6. Find all employees in the database who do not work for SBI.
select Emp_name
from Employee , Works , Company where
Employee.Emp_no = Works.Emp_no and
company.comp_no = Works.comp_no and
comp_name!=’SBI’;
7. Find all employees in the database who earn more than every employee of SBI.
select Emp_name
from Employee , Works where
Employee.Emp_no = Works.Emp_no and
(salary > all (select salary from Works , Company where Company.comp_no = Works.Comp_no and Comp_name = ‘SBI’));
8. Find all employees who earn more than the average salary of all employees of their company.
SELECT Emp_name
FROM Employee
WHERE (
SELECT Salary
FROM Works
WHERE Works.Emp_no = Employee.Emp_no
) > (
SELECT AVG(Salary)
FROM Works
WHERE Works.Comp_no = (
SELECT Comp_no
FROM Works
WHERE Works.Emp_no = Employee.Emp_no
)
);
9. Find the company that has the most employees.
SELECT Comp_name
FROM (
SELECT Company.Comp_name,
DENSE_RANK() OVER (ORDER BY COUNT(Works.Emp_no) DESC) AS EmployeeRank
FROM Company
JOIN Works ON Company.Comp_no = Works.Comp_no
GROUP BY Company.Comp_name
)
WHERE EmployeeRank = 1;
10. Find the company that has the smallest payroll.
SELECT Comp_name
FROM (
SELECT Company.Comp_name,
DENSE_RANK() OVER (ORDER BY SUM(Works.Salary) ASC) AS PayrollRank
FROM Company
JOIN Works ON Company.Comp_no = Works.Comp_no
GROUP BY Company.Comp_name
)
WHERE PayrollRank = 1;
11. Find those companies whose employees earn a higher salary, on average, than the average salary at SBI.
SELECT DISTINCT C.Comp_name
FROM Company C
JOIN Works W ON C.Comp_no = W.Comp_no
WHERE (
SELECT AVG(W2.Salary)
FROM Works W2
WHERE W2.Comp_no = (
SELECT Comp_no
FROM Company C2
WHERE C2.Comp_name = ‘SBI’
)
) < (
SELECT AVG(Salary)
FROM Works W3
WHERE W3.Comp_no = C.Comp_no
);
12. Modify the database so that John now lives in Kolkata.
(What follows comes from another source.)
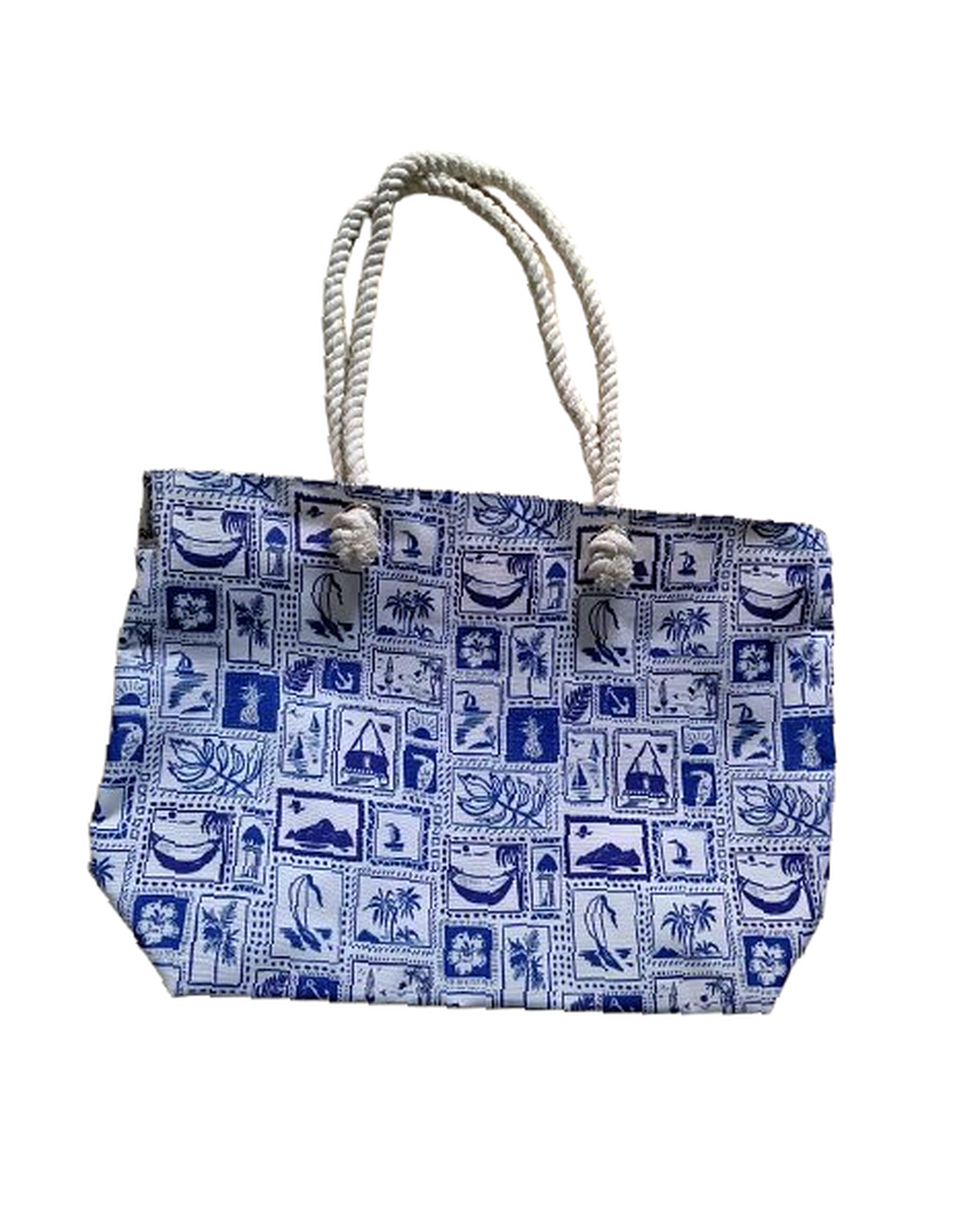 Laminated Canvas Tote Bag with Rope Handles – Nautical Print

13. Give all employees of SBI a 10 % raise.
UPDATE Works
SET Salary = Salary * 1.10
WHERE Comp_no = (
SELECT Comp_no
FROM Company
WHERE Comp_name = ‘SBI’
);
select* from Works where comp_no=’C1′;
14. Give all managers of SBI a 10 % raise.
UPDATE Works
SET Salary = Salary * 1.10
WHERE Emp_no IN (
SELECT M.Mgr_no
FROM Managers M
JOIN Employee E ON M.Mgr_no = E.Emp_no
JOIN Works W ON E.Emp_no = W.Emp_no
JOIN Company C ON W.Comp_no = C.Comp_no
WHERE C.Comp_name = ‘SBI’
);
select* from Works where comp_no=’C1′;
15. Delete all tuples in works relation for employees of SBI.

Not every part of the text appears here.